Section 9.4 : Arc Length with Parametric Equations
For all the problems in this section you should only use the given parametric equations to determine the answer.
For problems 1 – 5 determine the length of the parametric curve given by the set of parametric equations. For these problems you may assume that the curve traces out exactly once for the given range of t’s.
- \(x = 3 + 9t\hspace{0.25in}\,\,y = 10 - 15t\hspace{0.25in} - 5 \le t \le 8\)
- \(x = 6{\left( {3 + t} \right)^{\frac{3}{2}}}\hspace{0.25in}\,\,y = - 3{t^{\frac{3}{2}}}\hspace{0.25in} - 2 \le t \le 1\)
- \(x = 4{t^2} - 3\hspace{0.25in}\,\,y = 3t\hspace{0.25in}0 \le t \le 5\)
- \(x = 3 + t\hspace{0.25in}\,\,y = 6 + {\left( {t - 1} \right)^2}\hspace{0.25in}1 \le t \le 3\)
- \(x = {t^2} - 1\hspace{0.25in}\,\,y = {t^4} + 5\hspace{0.25in}0 \le t \le 1\)

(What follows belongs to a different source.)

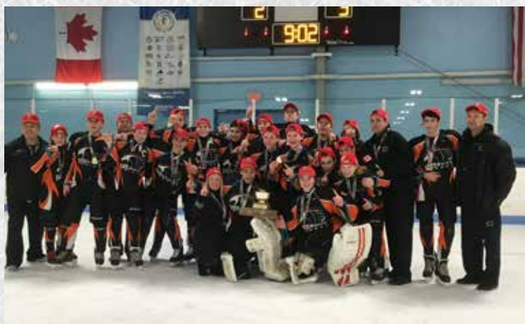
KENT COBRAS BANTAM AE 1

For problems 6 and 7 a particle travels along a path defined by the following set of parametric equations. Determine the total distance the particle travels and compare this to the length of the parametric curve itself.
- \(\displaystyle x = 6{\cos ^2}\left( {3t} \right)\hspace{0.25in}y = 2 - 3{\sin ^2}\left( {3t} \right)\hspace{0.25in}\hspace{0.25in}\,\,\,\, - \frac{5}{6}\pi \le t \le 3\pi \)

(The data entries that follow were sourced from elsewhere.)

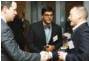
Guests from companies throughout the region attended Mercy's Corporate Partners Breakfast.

Mercy is committed to providing excellent patient care by using best practices, program innovation, and interdisciplinary collaboration. Partnerships with companies and benefactors who share our vision for advancing health care resources are of critical importance. Every gift you provide is a reflection of our mission and allows us to offer Mercy's outstanding service to all who come to our doors.
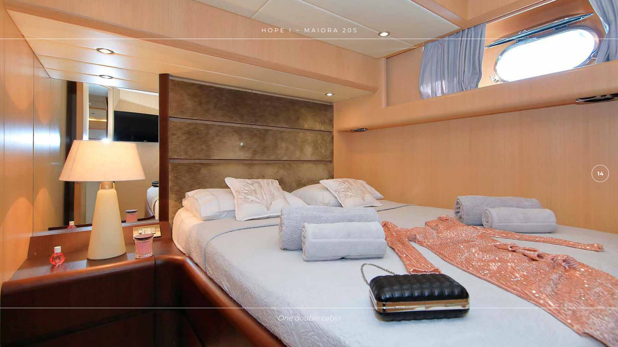
One double cabin
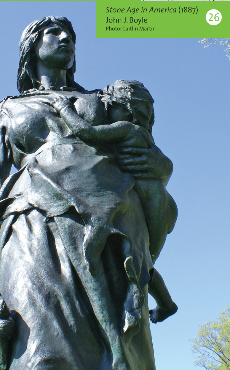
Stone Age in America (1887)

- \(\displaystyle x = 3 + \cos \left( {\frac{1}{6}t} \right)\hspace{0.25in}y = 4 + {\cos ^2}\left( {\frac{1}{6}t} \right)\hspace{0.25in}\,\,\,\,\,\,\, - 90\pi \le t \le 216\pi \)
For problems 8 – 10 set up, but do not evaluate, an integral that gives the length of the parametric curve given by the set of parametric equations. For these problems you may assume that the curve traces out exactly once for the given range of t’s.
- \(x = t\cos \left( {2t} \right)\hspace{0.25in}\,\,y = \sin \left( {3t} \right)\hspace{0.25in}2 \le t \le 3\)
- \(x = 1 - \sin \left( {1 + \sqrt t } \right)\hspace{0.25in}\,\,y = \sin \left( {{{\bf{e}}^{ - t}}} \right)\hspace{0.25in}1 \le t \le 4\)
- \(\displaystyle x = \ln \left( {t + 2} \right)\hspace{0.25in}\,\,y = \frac{1}{{t + 7}}\hspace{0.25in} - 1 \le t \le 2\)